全体的に敷地は、自然のままの姿を維持しているようだった。地面は芝が植えられることなく、土のままの色を保っていたし、起伏がそのまま残された土地は、奥に向かって勾配がついている。
奥の方には生垣が設けられているため、そこから先は把握できない。
そのためどこまでが樫森家の土地かはわからないが、奥行きは相当にありそうだった。
家自体は敷地の入口から、十メートルぐらい離れたところの左手に建てられている。木の香りを感じるような和風様式の建物だったが、年季自体はそれほど入ってなさそうだった。
また、建物自体も土地の広さに比べれば、それほど大きいものではなく、普通の家の二倍程度の面積だと思われた。
――まあ、十分大きいのだけれども。
共働きの家庭なのか、家は留守のようだった。樫森は自分の鍵で家のドアを開けて、長谷川たちを招き入れる。
入った途端、長谷川は下駄箱の上に置いてある奇妙な物を発見する。だいたい五十センチメートルぐらいの鉄製の円筒である。円筒の天辺付近からはレールのような物がなだらかに下の方へと下りてきている。
少しの間それを見ていると、急に円筒状の物体が開き、中から篭のような物が出てくる。篭はレールにぶら下がりながら、ゆっくりと下まで進み、やがて着地する。また少しすると、篭はゆっくりと上がっていき、再び円筒の中へと収納された。
――インテリアだろうか、それにしては不格好だが。と長谷川は思う。なおも興味深く見つめていると、
「それ、気になる……?」
と樫森に尋ねられた。
「これ何なの?」
長谷川は訊く。すると、樫森は、
「ごめんなさい、私もわからなくて……。祖父が作ったみたいなの」
と恐縮して答える。何でも、樫森の祖父は電気技師だったらしい。機械仕掛けの装置を作るのが趣味だったらしく、祖父が他界して十年以上経った今でも、家の物置には使い道のわからないカラクリが散乱しているのだそうだ。

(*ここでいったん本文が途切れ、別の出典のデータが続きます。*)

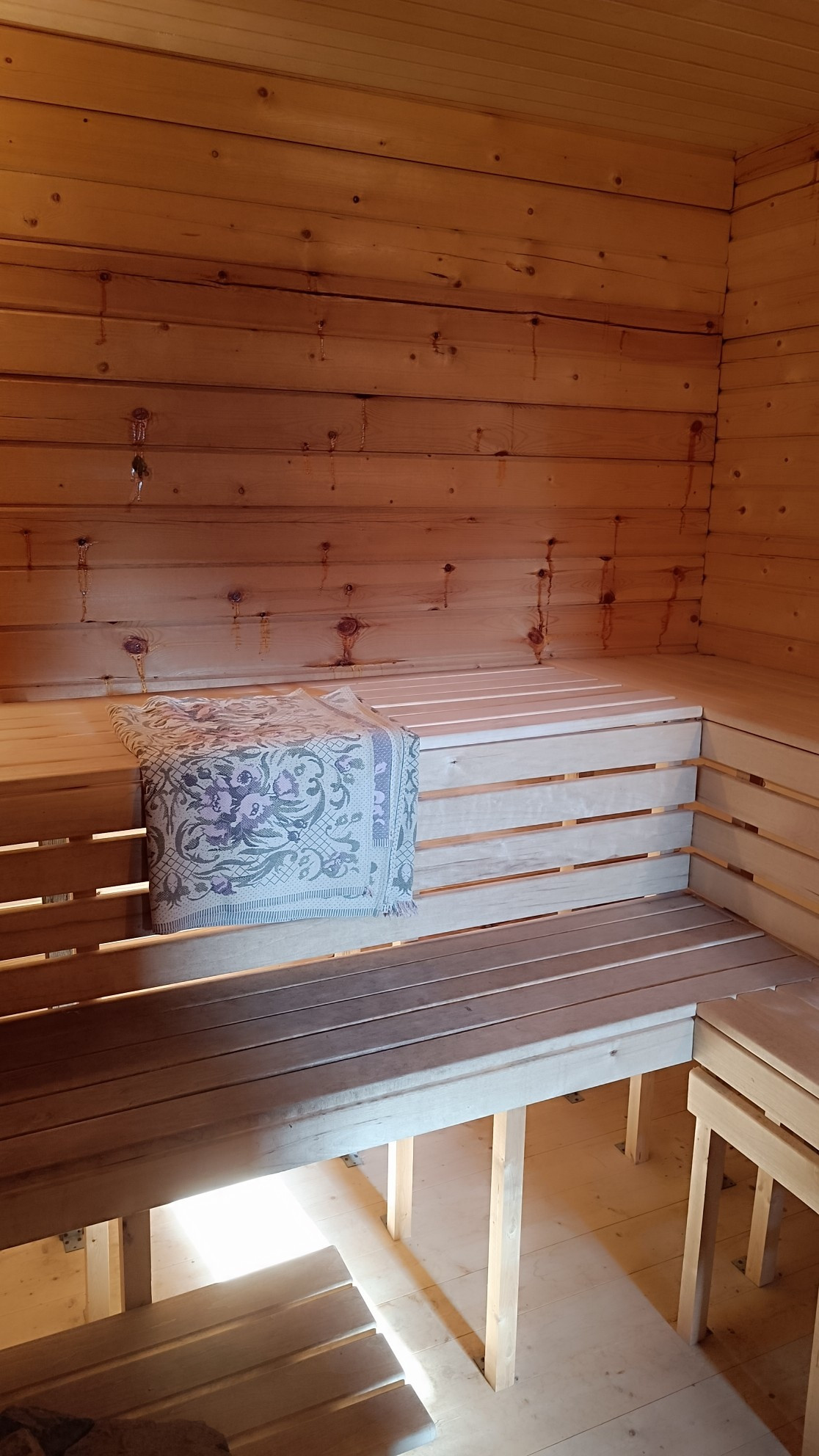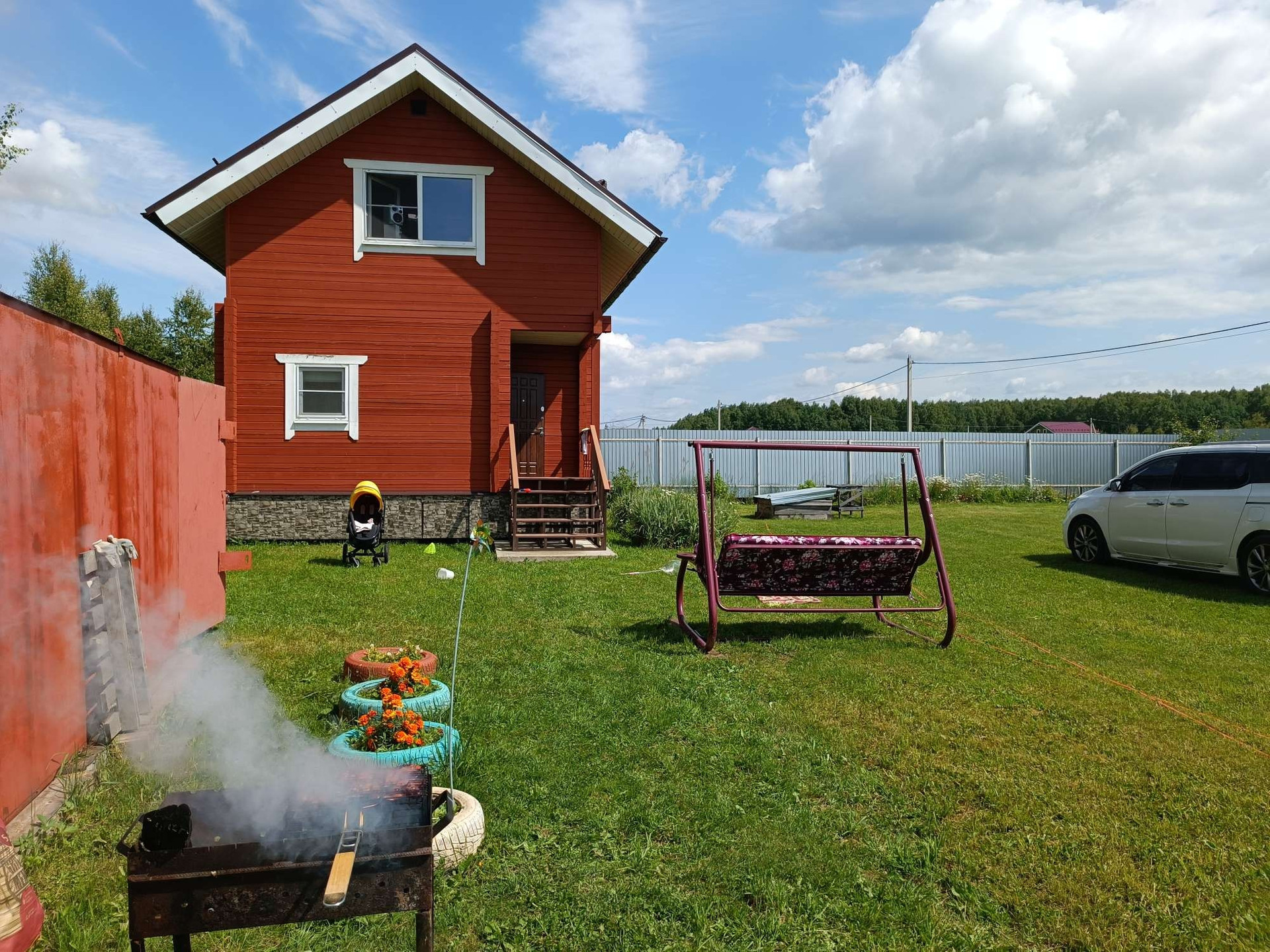 Продаётся участок 19 соток с построенным 2 этажным домом - баней общей площадью 77.6 кв.м. Дом из профилированного бруса 140*140 см, установлен на 18 жб сваях (4 метра). На участке много плодоносных ягодных кустов (малина, смородина 2 видов, крыжовник, жимолость, клубника), есть яблони и груши, высажены ёлки и ели, вишня, есть отдельные клумбы под цветы. Установлена большая теплица, есть небольшой огород (частично земля завозилась отдельно для посадки). Так же участок огорожен забором (большие ворота, 2 калитки на две стороны, собственный выход в лес) из окращенного оцинкованного профлиста (2000*0,4мм. ), установлен дачный деревянный туалет, металлический гараж, 2 кубические емкости под воду для полива, построена небольшая дровница, выкопана силосная яма. В дом заведена вода из скважины (глубина 64 м), которая оборудована металлическим Кессон ом 1,5*1,5, гидроаккумулятором на 150 л. и прочим оборудованием. В доме оборудована баня (топка из соседнего помещения), чугунная печь Везувий (хорошие камни, гималайская соль), в помывочной установлен тёплый пол (электрический) и электрический бойлер на 100 литров, слив воды производится в установленные (закопанные) за домом кубовые кольца (2 кольца), предусмотрен перелив за пределы участка (есть вывод в канаву), оборудована входная группа (крыльцо с лестницей на бетоном основании), установлена хорошая деревянная Лестница на 2 этаж. На участке выделено место под строительство дома, к которому так и не приступили. Вдоль участка положен газ. Хороший посёлок с постоянным проживанием. Достаточно близко до города (около 15 минут в пути). Всё делалось для себя (частично выравнивали участок, убирали лишнюю растительность и тд, участок регулярно косится и облагораживался, продаётся почти всё что есть ( кровати, столы, тумбочки, полки, шкафы, камод, стулья, посуда и тд), так же готовы рассмотреть отдельно продажу имеющегося оборудования (газонокосилка, бензиновый триммер, автомойка керхер, холодильник, грязевой насос Беламос и тд). Готовы ответить на все интересующие вопросы, торг.

このモノレールのような物もその一つで、何でも「デウス・エクス・マキナ」という名前なのだという。名前だけはやけに格好良い。
その機械に別れを告げ、長谷川たちは樫森邸の廊下を進む。そして、二人はいまどき珍しい、縁側のある畳の部屋に案内された。
樫森の部屋かと一瞬期待したが、生活臭を感じない綺麗に整理された部屋だったので、客間だとわかった。
亮月は樫森の敷地に入って以来、何を思っているのか黙ってキョロキョロとしていたが、縁側を見るなり目を輝かせて、
「縁側座ってもいい?」
と訊いて、樫森が頷くや否やガラス窓を開けて縁側に乗り出した。
長谷川はやれやれと思いながらも、亮月から少しはなれて同じように座る。マンガやドラマでしか見たことがない「縁側」への憧れは、長谷川にも少なからずあったのだ。
樫森はお茶を持ってくると言って部屋を出ていく。
「すげえな」
亮月は足を前に投げ出してそう言った。
――うん、と長谷川は小さく返事をする。
華美な装飾が施されたわけでもなく、最低限の整備しかされていないであろう樫森家の庭。
それでも春の日差しを受けたその場所は、自然のありのままの姿で輝いている。
そして庭から頬をなでる暖かい風は、ほのかに土のにおいを運んでいるようだった。
亮月は後ろ手をついて、明るい空を見上げる。
「樫森ん家って金持ちだったんだな」
「あの、それはだから昔から有るだけで――」
気がつくと、樫森が部屋の入口で御盆を持って立っていた。